Una lezione sul marketing etico
“Per definizione, ciò per cui si fa marketing è per forza di cose inferiore, altrimenti non verrebbe pubblicizzato.”
Questa citazione, quasi scioccante, è tratta dal libro Antifragile di Nassim Nicholas Taleb, economista e filosofo di cui abbiamo già parlato qui.
Taleb ci fornisce un’interessante lezione sul marketing etico.
Marketing vanitoso vs marketing etico
È del tutto contrario all’etica descrivere qualcosa sotto una luce migliore di quella reale.
Ciò che ha bisogno di grosse campagne di marketing, se non è di bassa qualità, potrebbe addirittura essere nocivo, come, secondo Taleb, sono nocive le bibite gassate.
Il marketing è per Taleb come quelle persone che continuano a vantarsi delle proprie imprese e a esaltare continuamente le proprie qualità.
Il tuo istinto di conservazione dovrebbe spingerti lontano da persone così gonfie di sé e così noiose.
Questo mi fa ripensare a una cosa che sentivo ripetere a mia madre che “chi si loda si imbroda”.
L’antidoto del passaparola
Sarebbe sicuramente più apprezzabile se fosse qualcun altro a raccontare le eccezionalità di una persona “(preferibilmente non sua madre)”. Risulterebbe tutto più credibile e simpatico, è la persona in oggetto farebbe una figura migliore a mostrare un po’ di umiltà.
Per questo, il più grande se non unico filtro da utilizzare nei confronti del marketing è il passaparola.
Il marketing che va al di là della semplice offerta di informazioni è segno di insicurezza.
Se chi si vanta risulta presuntuoso e fastidioso, le aziende sono spesso più abili nell’autopromozione (e nell’inganno).
Quando la promozione è spudorata, la cosa non ci tocca e danneggia solo la loro immagine.
Altre aziende pongono sotto una luce positiva loro stesse e i loro prodotti, nascondendo i difetti.
Anche in questo caso, il passaparola, il parere degli altri clienti ci viene in soccorso.
Marketing ingannevole
Ma spesso il marketing è usato per presentare in modo ingannevole un prodotto o servizio, facendo leva sui nostri bias cognitivi o sulle nostre associazioni mentali.
Quando per esempio un pubblicità fa vedere un prodotto in associazione a una situazione di bellezza naturale e relax.
Pensiamo al citatissimo (anche perché abusatissimo) caso delle auto che viaggiano isolate in ambienti selvaggi e naturali.
Esistono forse esempi di utilizzi più criminosi che si possano fare del marketing, ma quello che riguarda molte pubblicità di automobili mostra prospettive terribili.
Queste pubblicità fanno passare l’idea che guidare un’auto sia un’attività rigenerante e sinonimo di libertà.
Siccome auto in circolazione ce ne sono molte di più di quelle che mostra la pubblicità, guidare un’auto è un’esperienza diametralmente opposta.

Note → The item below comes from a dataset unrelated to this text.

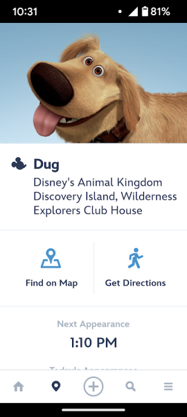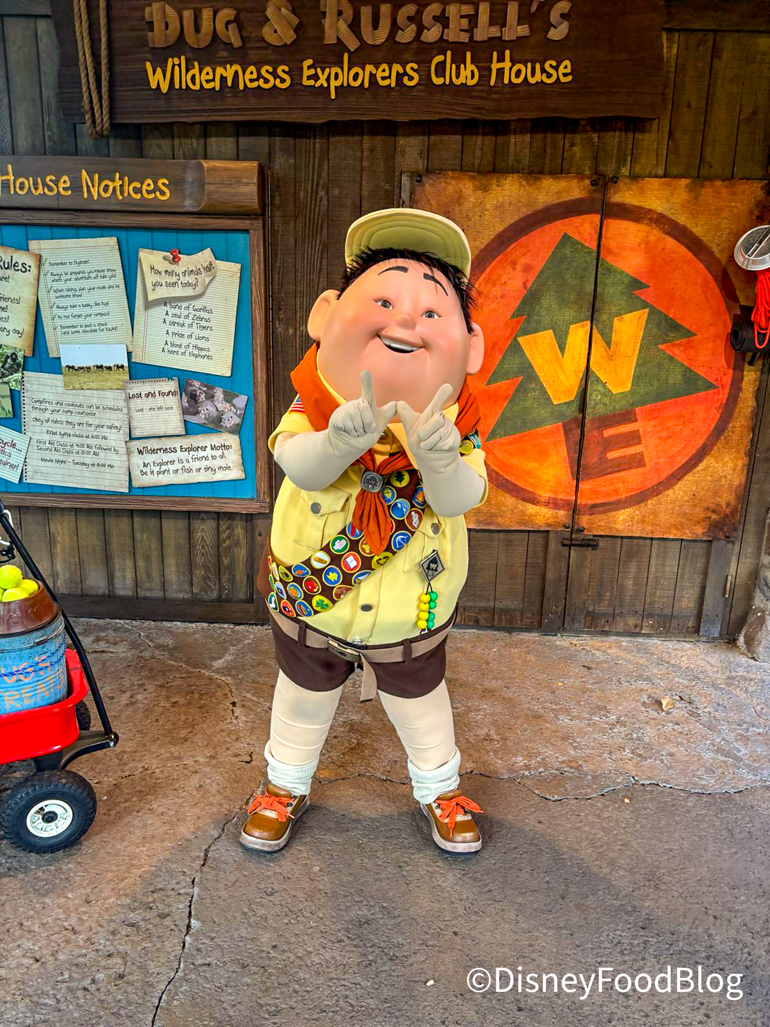 But Russell isn’t the ONLY Up character who has returned to meet guests at Animal Kingdom. Our favorite talking dog, Dug, is also meeting guests in that same location. Now, we didn’t get a chance to see Dug, but you can find out what time he and Russell meet guests on the My Disney Experience app.

Guidare un’auto significa il più delle volte rimanere imbottigliati nel traffico ed è un’esperienza altamente stressante.
Può succedere che qualcuno compri un’auto alla ricerca inconscia di una maggiore connessione con il creato e si ritrovi richiuso in un abitacolo a insultare e respirare gas potenzialmente letali.
Marketing etico
Questo succede perché le aziende non posseggono un’etica (al contrario dei singoli individui), ma obbediscono a leggi economiche.
Il marketing fa leva sui nostri valori e trigger emotivi, ma per le aziende conta solo il bilancio.
Il marketing di cui parla Taleb non è il marketing che interessa a noi. Il nostro marketing è lento (slow marketing) ed è un marketing etico, che serve solo a entrare in relazione con gli altri, non a cercare di vendere, non a massimizzare i profitti, ma a creare connessioni.
Nei nostri piccoli business, nelle nostre attività, non ci sono burocrati con l’unico scopo di far quadrare i conti. Il contatto tra la nostra etica e il nostro marketing non è interrotto, ma è diretto e persiste. Anzi, è ciò che ci dà forza.
Ci mettiamo totalmente in gioco e per questo non abbiamo niente da perdere.
Siamo capaci di gentilezza, siamo empatici, siamo persone, donne e uomini che vivono i propri valori in quello che fanno.